List your fixed assets
The first step in creating this plan is identifying and categorizing all major components of your building. This is typically done using a “building division” breakdown similar to what contractors and architects use to organize major projects.
Categories like “heating, ventilation and air conditioning” (HVAC) or “doors and windows” will help you organize the items on your fixed-asset list. Under those categories, you will identify all the major components of your specific building.
For instance, under the “HVAC” category, you would likely list each piece of equipment like air handlers, heat pumps and boilers. Under a category like “lighting,” you might break your building down by area or by “exterior” and “interior” lighting.

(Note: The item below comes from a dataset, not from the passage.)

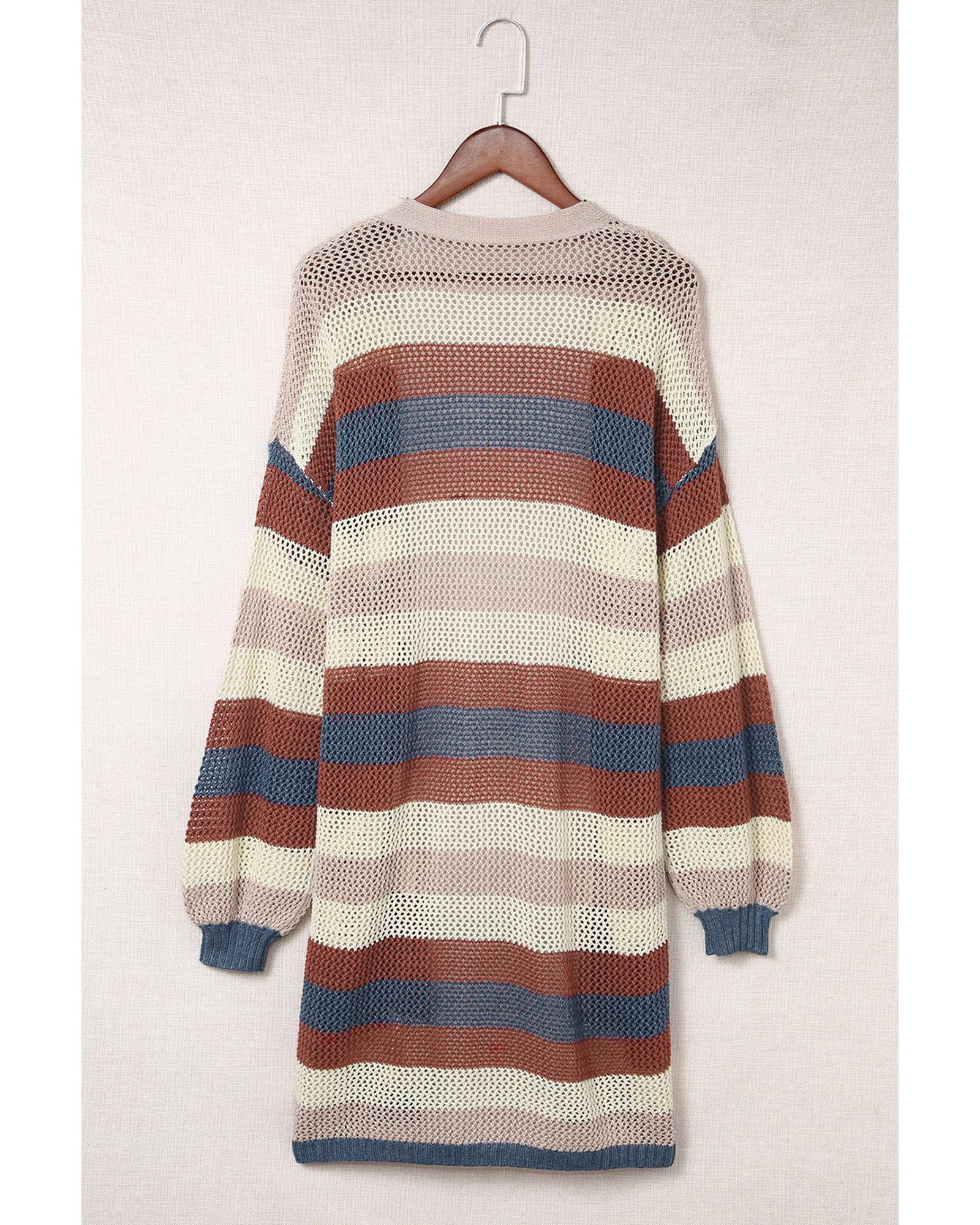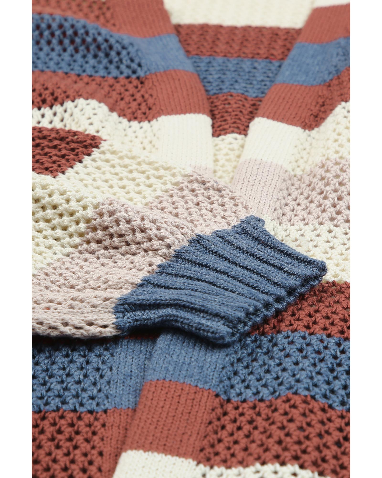 - Blue Striped Color Block Hollowed Knit Cardigan

A tip here is to find a balance between major and minor building components. Any building maintenance program likely will include some annual repair and replacement, so you are only trying to identify those major pieces of equipment or building systems that will result in larger capital expenditures, not every little piece and part.

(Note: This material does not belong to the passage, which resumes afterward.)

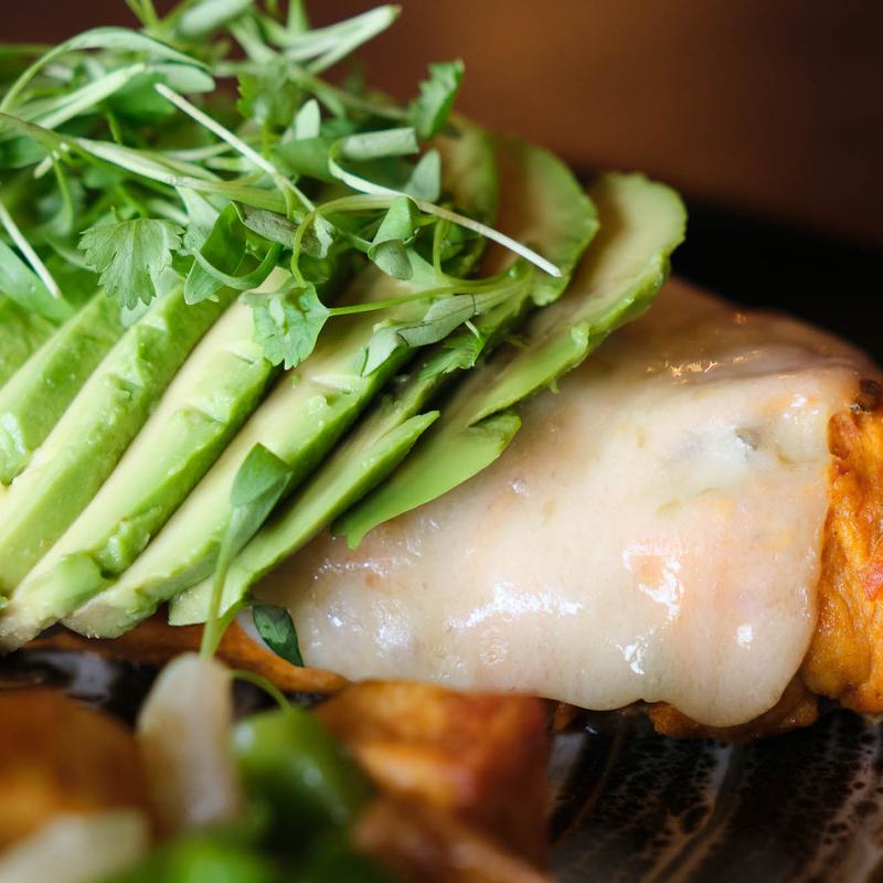 3 eggs, onion, bell pepper, oregano, avocado, white cheddar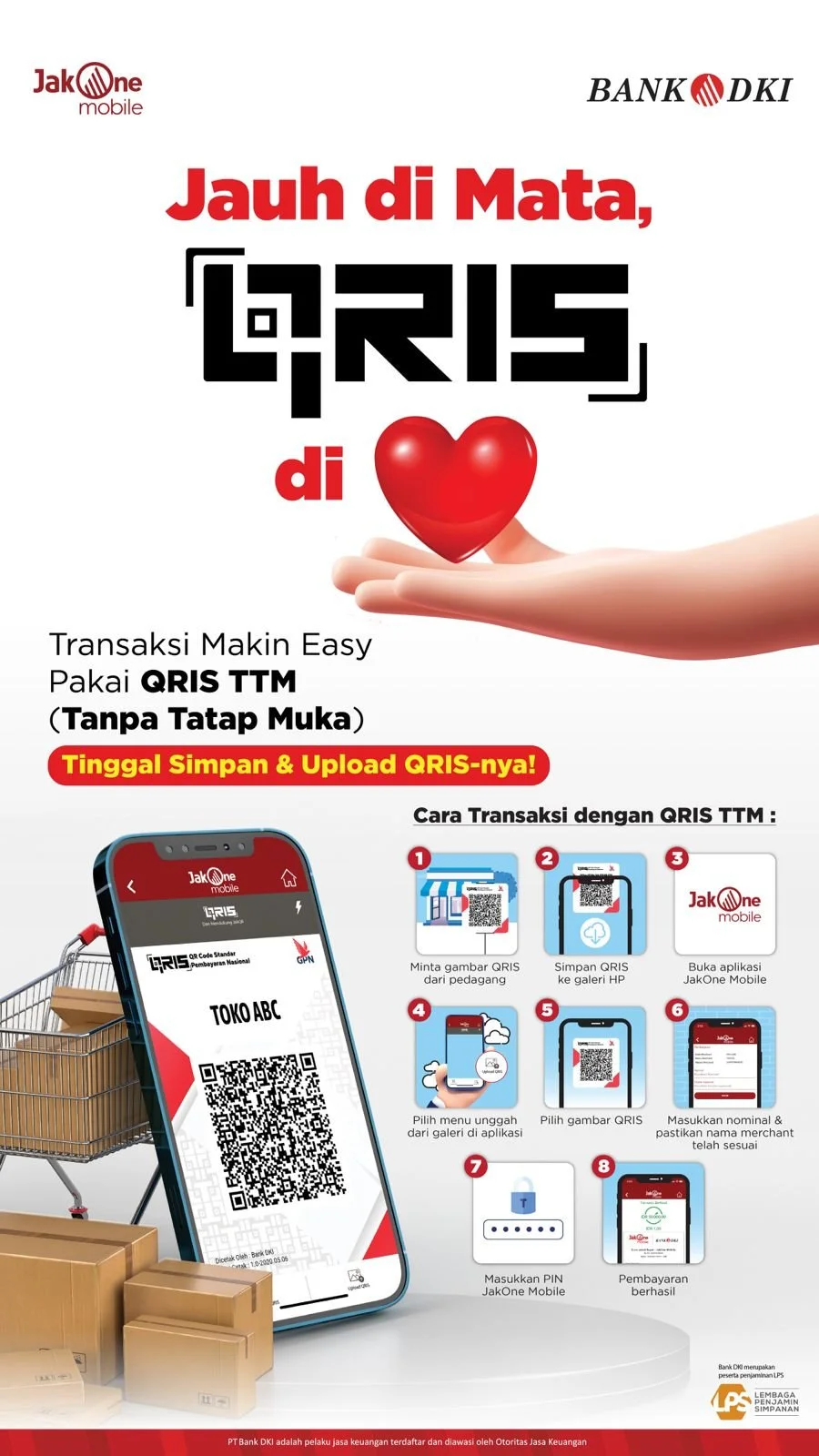 QRIS TTM (Tanpa Tatap Muka) adalah suatu inovasi baru dalam metode pembayaran cashless, dimana para konsumen tetap dapat melakukan transaksi pembayaran secara online walau tidak bertemu langsung dengan pedagang. Caranya kamu tinggal simpan di galeri QRIS merchant/toko yang ingin kamu bayar, lalu tinggal upload QRIS tersebut pada saat ingin transaksi Scan QRIS di JakOne Mobile.

Replacement/repair value and life cycle
Once you have identified your building components, you can work with contractors and vendors to identify the current replacement value of each item, as well as its expected life cycle.

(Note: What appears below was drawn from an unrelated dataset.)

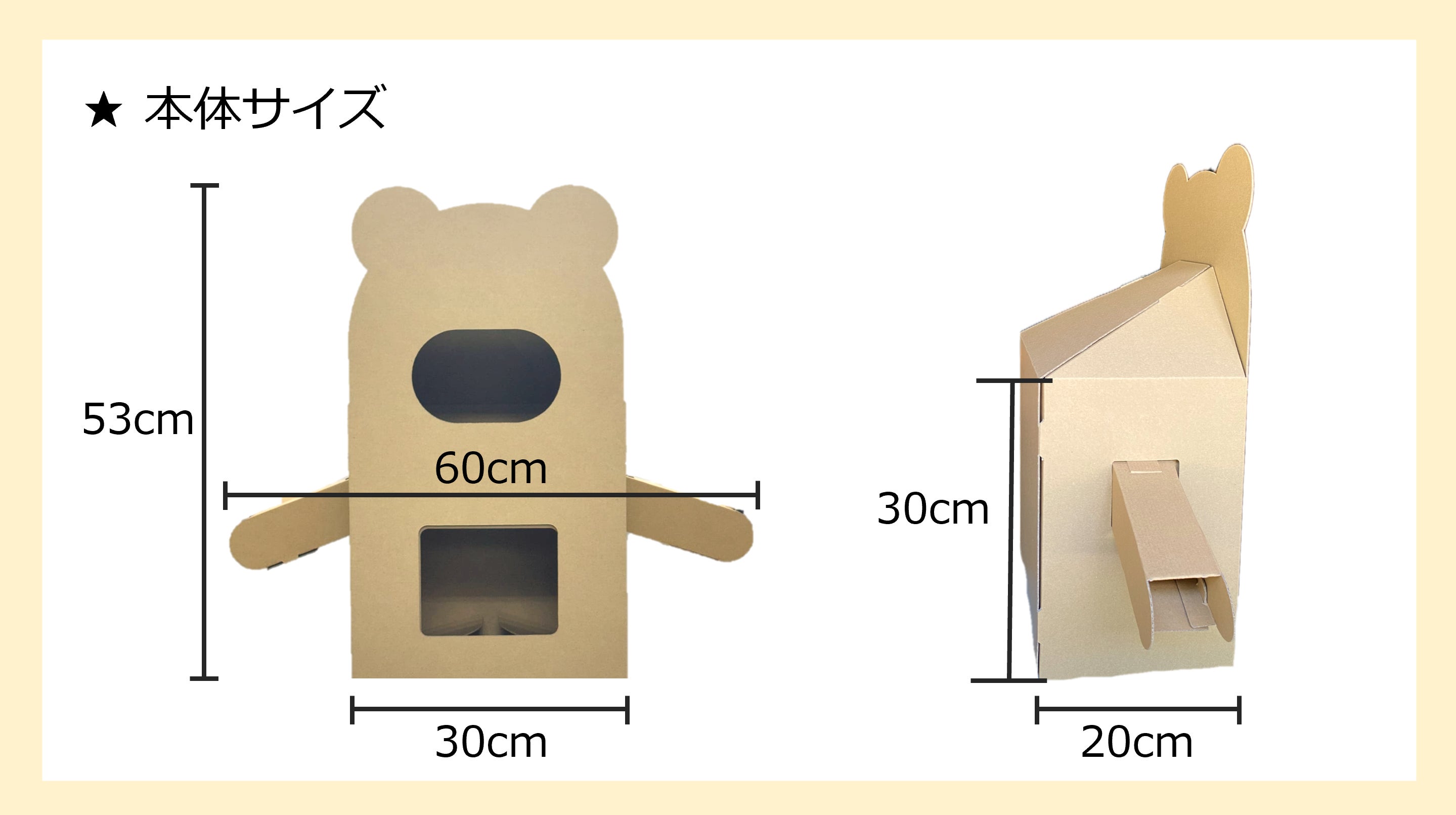 ①本体、②腕、③内箱、④クリアシートの4点セットで、それぞれを組み立てることでおもちゃ箱完成します。
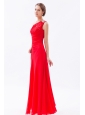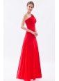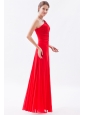 This red prom dress caters for any occasion you will attend. The fitted bodice with one shoulder style encrusted lovely beadings and exquisite ruchings, while the wide strap divides into three spaghetti straps. The floor length skirt flows freely to contour your slim figure and a hidden zipper up in the back completes this tasteful design.

A simple example is a rooftop mechanical unit. Most commercial heating and cooling units have a 10- to 15-year life expectancy. Combine that information with a present-day replacement value, and you now have the data to complete your reserve study.
With the combined data of the previous steps, you can now predict your fixed-asset repairs and replacement costs over time. With some relatively simple spreadsheet work, you can adjust for future inflation and plan for annual contributions to a reserve fund.
A reserve fund is essentially a savings account that builds up over time. If done properly, the reserve fund should grow to cover your predicted replacement costs in the year that you predict the work will need to happen. Setting aside these reserve dollars takes discipline, but it will soften the blow when major components of your building need attention.
We would advise that you update your fixed-asset reserve each year. Regular updates include adding new equipment to the list, tracking the prior year’s expenses versus your budget and updating the general condition of components as they are used and maintained.
The expected life of building components is not an exact science, so some equipment may underperform or outperform your predictions. Increasing or decreasing your reserve contributions each year can be a balancing act that may be necessary based on the performance of your overall organization.
The bottom line is that it’s never too early to plan and it never hurts to revisit the plan regularly. A fixed-asset reserve can take away some of the anxiety about building maintenance and replacement, and also allow you to focus on good preventative maintenance and other facility goals.